• Your instructions
What you need to produce from the material below is an exact transcription of the lines from the one with "to the delay" through the one with "Women's cotton shirt", both included, and no other line.
[Opening Data section]
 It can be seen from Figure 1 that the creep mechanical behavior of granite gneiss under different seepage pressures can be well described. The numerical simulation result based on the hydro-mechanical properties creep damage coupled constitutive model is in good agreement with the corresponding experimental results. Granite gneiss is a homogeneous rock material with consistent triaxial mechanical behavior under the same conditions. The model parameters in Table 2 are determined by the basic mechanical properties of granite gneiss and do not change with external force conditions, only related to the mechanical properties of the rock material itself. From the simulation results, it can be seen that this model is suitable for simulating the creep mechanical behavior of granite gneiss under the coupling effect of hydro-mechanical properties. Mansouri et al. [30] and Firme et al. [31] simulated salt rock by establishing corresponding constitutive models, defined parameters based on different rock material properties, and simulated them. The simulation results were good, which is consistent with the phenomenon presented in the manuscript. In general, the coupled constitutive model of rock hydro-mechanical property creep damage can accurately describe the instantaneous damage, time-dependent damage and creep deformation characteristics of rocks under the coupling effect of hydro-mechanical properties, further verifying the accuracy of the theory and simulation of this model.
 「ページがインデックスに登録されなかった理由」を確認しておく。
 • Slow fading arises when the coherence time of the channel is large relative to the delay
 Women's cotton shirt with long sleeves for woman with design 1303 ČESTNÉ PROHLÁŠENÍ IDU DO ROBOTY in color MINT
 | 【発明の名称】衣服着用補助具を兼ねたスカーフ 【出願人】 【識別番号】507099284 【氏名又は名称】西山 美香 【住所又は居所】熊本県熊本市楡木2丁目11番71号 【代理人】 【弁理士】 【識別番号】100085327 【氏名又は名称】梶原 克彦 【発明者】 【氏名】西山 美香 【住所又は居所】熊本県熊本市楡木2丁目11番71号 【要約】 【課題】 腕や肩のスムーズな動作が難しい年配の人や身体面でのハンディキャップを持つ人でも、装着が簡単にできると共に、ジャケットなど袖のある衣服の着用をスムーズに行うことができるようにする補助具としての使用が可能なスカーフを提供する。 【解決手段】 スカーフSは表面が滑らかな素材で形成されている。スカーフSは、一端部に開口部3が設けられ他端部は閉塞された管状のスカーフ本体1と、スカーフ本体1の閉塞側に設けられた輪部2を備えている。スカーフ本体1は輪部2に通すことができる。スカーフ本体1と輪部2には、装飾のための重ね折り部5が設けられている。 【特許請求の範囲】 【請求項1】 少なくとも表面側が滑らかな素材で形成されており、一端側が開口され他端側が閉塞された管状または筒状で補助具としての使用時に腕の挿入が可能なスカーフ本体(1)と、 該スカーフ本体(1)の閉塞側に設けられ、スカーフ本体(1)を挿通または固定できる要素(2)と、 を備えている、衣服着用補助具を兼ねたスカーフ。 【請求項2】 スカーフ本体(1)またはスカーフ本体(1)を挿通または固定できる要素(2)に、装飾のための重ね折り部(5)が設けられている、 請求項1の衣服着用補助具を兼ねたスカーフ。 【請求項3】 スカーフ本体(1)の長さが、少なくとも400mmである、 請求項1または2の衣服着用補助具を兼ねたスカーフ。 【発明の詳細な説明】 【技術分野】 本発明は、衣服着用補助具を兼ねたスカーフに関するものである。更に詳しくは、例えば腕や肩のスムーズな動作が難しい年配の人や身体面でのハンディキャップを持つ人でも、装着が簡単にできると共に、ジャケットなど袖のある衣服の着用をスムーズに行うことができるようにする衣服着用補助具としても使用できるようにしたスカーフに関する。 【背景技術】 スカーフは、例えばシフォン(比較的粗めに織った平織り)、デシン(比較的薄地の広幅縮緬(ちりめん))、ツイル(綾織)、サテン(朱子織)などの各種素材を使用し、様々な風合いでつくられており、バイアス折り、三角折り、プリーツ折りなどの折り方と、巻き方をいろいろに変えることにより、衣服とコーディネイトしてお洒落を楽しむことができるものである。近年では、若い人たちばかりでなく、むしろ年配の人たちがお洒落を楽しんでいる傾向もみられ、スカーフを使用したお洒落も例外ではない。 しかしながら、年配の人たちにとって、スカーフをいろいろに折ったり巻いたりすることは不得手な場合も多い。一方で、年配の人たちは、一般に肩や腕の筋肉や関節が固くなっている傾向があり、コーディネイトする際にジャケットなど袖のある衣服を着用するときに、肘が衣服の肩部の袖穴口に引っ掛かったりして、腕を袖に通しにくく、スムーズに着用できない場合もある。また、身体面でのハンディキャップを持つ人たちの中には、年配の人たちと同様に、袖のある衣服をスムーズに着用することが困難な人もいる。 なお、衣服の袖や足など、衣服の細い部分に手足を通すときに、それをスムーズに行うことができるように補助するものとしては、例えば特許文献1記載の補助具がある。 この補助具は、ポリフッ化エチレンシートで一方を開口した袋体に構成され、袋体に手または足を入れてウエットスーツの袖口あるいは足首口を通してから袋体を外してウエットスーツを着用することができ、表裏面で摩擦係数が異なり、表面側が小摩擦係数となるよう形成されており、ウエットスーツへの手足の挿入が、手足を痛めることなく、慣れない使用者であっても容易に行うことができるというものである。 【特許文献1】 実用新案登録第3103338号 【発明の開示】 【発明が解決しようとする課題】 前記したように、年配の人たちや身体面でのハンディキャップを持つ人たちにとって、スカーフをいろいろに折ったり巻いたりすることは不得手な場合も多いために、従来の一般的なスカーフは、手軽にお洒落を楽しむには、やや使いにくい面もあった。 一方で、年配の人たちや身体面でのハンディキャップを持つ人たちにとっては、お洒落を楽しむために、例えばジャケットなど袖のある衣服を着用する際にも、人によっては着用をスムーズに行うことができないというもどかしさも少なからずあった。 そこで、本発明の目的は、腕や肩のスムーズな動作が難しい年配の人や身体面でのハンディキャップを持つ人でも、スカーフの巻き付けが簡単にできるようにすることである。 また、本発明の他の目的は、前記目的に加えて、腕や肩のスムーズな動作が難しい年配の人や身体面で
[Closing Data section]
• Answer
 • Slow fading arises when the coherence time of the channel is large relative to the delay
 Women's cotton shirt with long sleeves for woman with design 1303 ČESTNÉ PROHLÁŠENÍ IDU DO ROBOTY in color MINT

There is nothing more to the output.